Mar 30, 2020 Apr 2, 2020

The Arctic Observing Summit (AOS) is a biennial summit that aims to provide community-driven, science-based guidance for the design, implementation, coordination, and sustained long-term (decades) operation of an international network of Arctic observing systems. In practice, this means gathering the Arctic observing community together to exchange ideas and develop ways to collaborate, share resources, and improve Arctic observing.

AOS is held biennially in conjunction with Arctic Science Summit Week. Special thanks to everyone for their patience and persistence as Arctic Science Summit Week and AOS 2020 were re-organized to be 100% online.

Poster sessions

Virtual poster sessions were held via Zoom.

Working groups

Five working groups were created based on the themes of AOS 2020. The AOS Executive Organizing Committee is working with experts from diverse sectors to develop these themes so that important advancements, gaps, and opportunities can be discussed at the Summit.

Working Group 1

Design, Optimization and Implementation of the Observing System

Leads: Alice Bradley, Hajo Eicken and Roberta Pirazzini

The working group reviewed, discussed and developed recommendations on:

  • Review of relevant initiatives and tools aimed at cataloging and assessing various existing observing system components (in situ, satellite, and associated model and prediction systems). Relevant observatories include big national/international programs, single-institution long-term monitoring projects, community-based monitoring as well as individual/small team observing campaigns.
  • Drawing on findings from the above to identify the value and role of the various observing activities in the context of an overarching observing system, and to chart paths towards integration of such system components.
  • Identifying criteria for observing system optimization.
  • Contributing to the SAON Roadmap for Arctic Observing, a document to help the muster resources and channel activities in support of an integrated Arctic observing system.

Participants: The working group seeks input from researchers, community members, operational observing organizations, and engineers involved with observing systems at all scales, and the private sector.

  • Working Group 1 session agenda

Working Group 2

Observing in Support of Adaptation and Mitigation

Lead: Maribeth Murray

This working group focused on environmental issues and the role of observing in developing economically viable options for the Arctic that lead to policy development and the implementation of actions in support of adaptation and mitigation.

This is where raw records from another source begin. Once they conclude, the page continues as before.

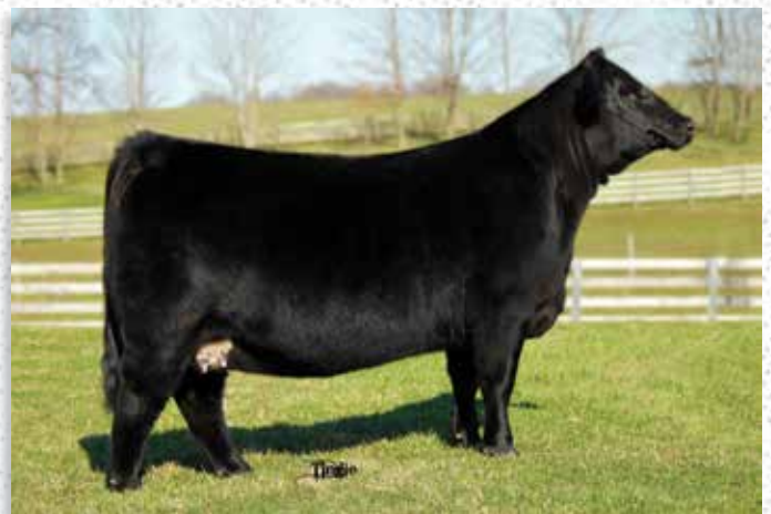
TNGL HOPES BLESSING D104 - DAM OF LOT 155 PREGNANCY

Embryo was implanted on 5/28/18. Estimated due date 3/6/18.
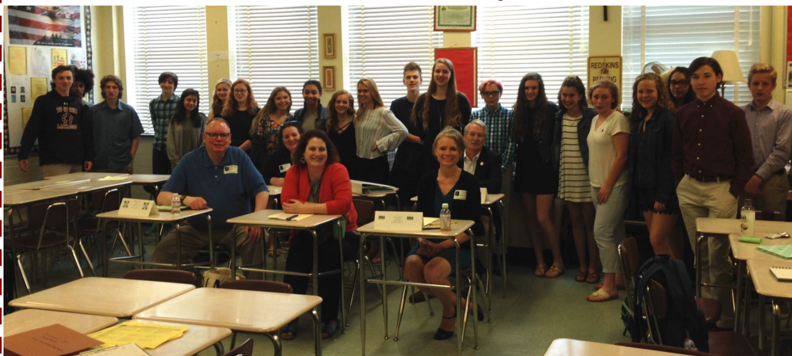
1A Class and their Guest Judges
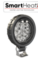
Part Number 1403281 12-110V LED Work Light with Spot Beam Pattern

They reviewed, discussed and developed recommendations on:

  • Key aspects related to the successful use of observing technologies to improve or facilitate decision support, risk management, adaptation initiatives and mitigation strategies.
  • Observing needs to be filled quickly or expanded to support scaling up of strategies for adaptation and mitigation during the next decade.
  • Leveraging global initiatives to support adaptation and mitigation in the Arctic.

Participants: This working group encourages input from community groups, researchers, operational agencies and entities charged with the development and implementation of adaptation, management and mitigation strategies, the private sector, policy makers and Arctic Council working groups among others.

Working Group 3

Leads: Raychelle Daniel and Gunn-Britt Retter

Address approaches and priorities to increase the efficiency, reach and impact of observations in support of Indigenous food security and related needs.

Participants: The working group seeks input from experts who will work towards the formulation of actionable recommendations and chart a path for observing activities that facilitate the implementation of proposals related to an increased understanding of Indigenous food security.

Working Group 4

Lead: Peter Pulsifer

Video: Introduction to WG4

Draw on synergies with SAON Arctic Data Committee and Polar Data Forum to ensure that overarching observing framework emphasizes data integrity spanning collection and management over time to different data users, including science, community management activities, policy development, and decision-making at all scales.

Working Group 5

Arctic Observations in the context of Global Observing Initiatives

Leads: Thorsteinn Gunnarsson, Jan Rene Larsen and Peter Schlosser

The Working Group discussed and created an overview of the relevance of Arctic observing for global actions. They also discussed and formulated recommendations on the basis of these questions:

  • Which existing and upcoming Arctic observing initiatives have global relevance and importance?
  • How to bring Arctic observing to the global action level?
  • Who is the target of this: Arctic Council (and their member countries), European Commission, UN?
  • How to connect arctic observing with, for instance, the Paris agreement. Are there any model countries?
  • How to involve non-Arctic countries. What are their motivations for engagement?
  • What are the obstacles? And what could or should be done to remove or resolve these?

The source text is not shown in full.